Top of INFORMATION SUPPLIED
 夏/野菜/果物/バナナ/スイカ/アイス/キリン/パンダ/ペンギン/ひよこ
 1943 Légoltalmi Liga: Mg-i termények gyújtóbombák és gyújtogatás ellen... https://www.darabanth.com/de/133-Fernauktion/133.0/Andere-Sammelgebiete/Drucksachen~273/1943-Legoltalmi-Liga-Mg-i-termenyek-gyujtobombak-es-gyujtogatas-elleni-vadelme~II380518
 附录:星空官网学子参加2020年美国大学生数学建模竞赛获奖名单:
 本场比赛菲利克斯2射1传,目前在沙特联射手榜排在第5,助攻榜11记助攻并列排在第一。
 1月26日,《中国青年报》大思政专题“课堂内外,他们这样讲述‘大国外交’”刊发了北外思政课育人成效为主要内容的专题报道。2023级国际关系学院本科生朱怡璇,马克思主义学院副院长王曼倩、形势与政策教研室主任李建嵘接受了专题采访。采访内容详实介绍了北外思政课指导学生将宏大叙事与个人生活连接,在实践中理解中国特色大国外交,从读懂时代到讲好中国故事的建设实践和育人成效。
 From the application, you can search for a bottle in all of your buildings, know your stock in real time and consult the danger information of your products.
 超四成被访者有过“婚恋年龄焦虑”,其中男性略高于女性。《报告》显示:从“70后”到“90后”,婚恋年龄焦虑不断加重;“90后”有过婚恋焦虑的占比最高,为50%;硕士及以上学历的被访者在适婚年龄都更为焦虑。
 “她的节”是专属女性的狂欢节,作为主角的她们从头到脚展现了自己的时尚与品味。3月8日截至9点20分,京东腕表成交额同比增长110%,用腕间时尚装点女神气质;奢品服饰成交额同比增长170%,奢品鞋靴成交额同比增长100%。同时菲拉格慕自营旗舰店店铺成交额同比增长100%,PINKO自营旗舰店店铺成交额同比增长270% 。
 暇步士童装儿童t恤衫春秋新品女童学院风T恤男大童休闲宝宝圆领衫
Bottom of INFORMATION SUPPLIED
Top of INFORMATION SUPPLIED
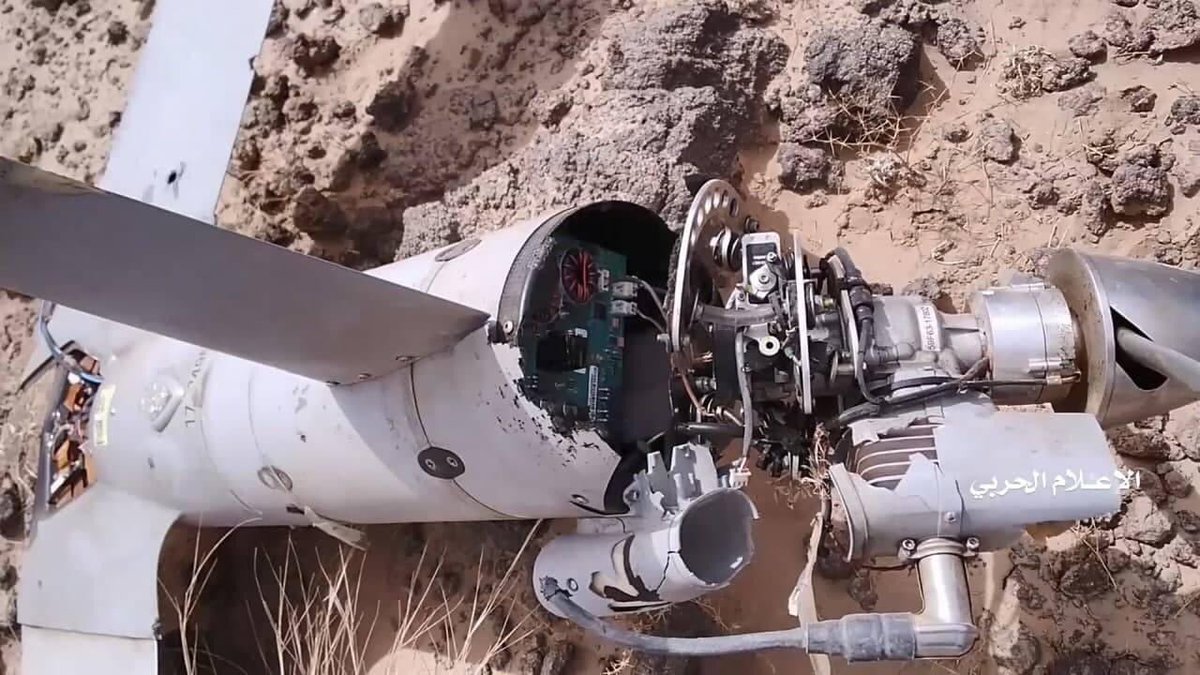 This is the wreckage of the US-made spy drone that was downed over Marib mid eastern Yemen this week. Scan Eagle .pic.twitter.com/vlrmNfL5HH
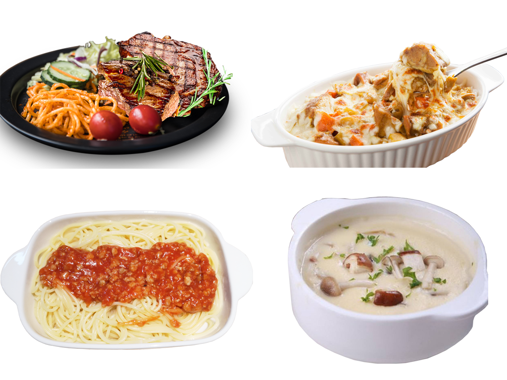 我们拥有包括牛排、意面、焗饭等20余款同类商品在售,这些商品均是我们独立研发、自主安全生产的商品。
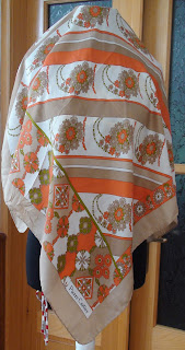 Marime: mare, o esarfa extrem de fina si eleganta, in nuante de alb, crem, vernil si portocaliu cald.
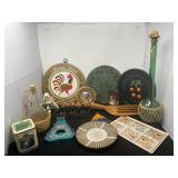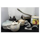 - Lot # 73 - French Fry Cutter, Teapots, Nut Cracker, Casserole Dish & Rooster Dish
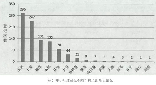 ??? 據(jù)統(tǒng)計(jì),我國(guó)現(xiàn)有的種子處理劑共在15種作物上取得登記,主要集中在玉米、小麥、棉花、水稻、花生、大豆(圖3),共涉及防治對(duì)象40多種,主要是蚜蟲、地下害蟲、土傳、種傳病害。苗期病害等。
Bottom of INFORMATION SUPPLIED
EXERCISE OBJECTIVE:
From the records above, transcribe exactly the run of lines that opens with the line holding "夏/野菜/果物/バナナ/スイカ/アイス/キリン/パンダ/ペンギン/ひよこ" and closes with the line holding "暇步士童装儿童t恤衫春秋新品女童学院风T恤男大童休闲宝宝圆领衫", both included.

TASK ANSWER:
 夏/野菜/果物/バナナ/スイカ/アイス/キリン/パンダ/ペンギン/ひよこ
 1943 Légoltalmi Liga: Mg-i termények gyújtóbombák és gyújtogatás ellen... https://www.darabanth.com/de/133-Fernauktion/133.0/Andere-Sammelgebiete/Drucksachen~273/1943-Legoltalmi-Liga-Mg-i-termenyek-gyujtobombak-es-gyujtogatas-elleni-vadelme~II380518
 附录:星空官网学子参加2020年美国大学生数学建模竞赛获奖名单:
 本场比赛菲利克斯2射1传,目前在沙特联射手榜排在第5,助攻榜11记助攻并列排在第一。
 1月26日,《中国青年报》大思政专题“课堂内外,他们这样讲述‘大国外交’”刊发了北外思政课育人成效为主要内容的专题报道。2023级国际关系学院本科生朱怡璇,马克思主义学院副院长王曼倩、形势与政策教研室主任李建嵘接受了专题采访。采访内容详实介绍了北外思政课指导学生将宏大叙事与个人生活连接,在实践中理解中国特色大国外交,从读懂时代到讲好中国故事的建设实践和育人成效。
 From the application, you can search for a bottle in all of your buildings, know your stock in real time and consult the danger information of your products.
 超四成被访者有过“婚恋年龄焦虑”,其中男性略高于女性。《报告》显示:从“70后”到“90后”,婚恋年龄焦虑不断加重;“90后”有过婚恋焦虑的占比最高,为50%;硕士及以上学历的被访者在适婚年龄都更为焦虑。
 “她的节”是专属女性的狂欢节,作为主角的她们从头到脚展现了自己的时尚与品味。3月8日截至9点20分,京东腕表成交额同比增长110%,用腕间时尚装点女神气质;奢品服饰成交额同比增长170%,奢品鞋靴成交额同比增长100%。同时菲拉格慕自营旗舰店店铺成交额同比增长100%,PINKO自营旗舰店店铺成交额同比增长270% 。
 暇步士童装儿童t恤衫春秋新品女童学院风T恤男大童休闲宝宝圆领衫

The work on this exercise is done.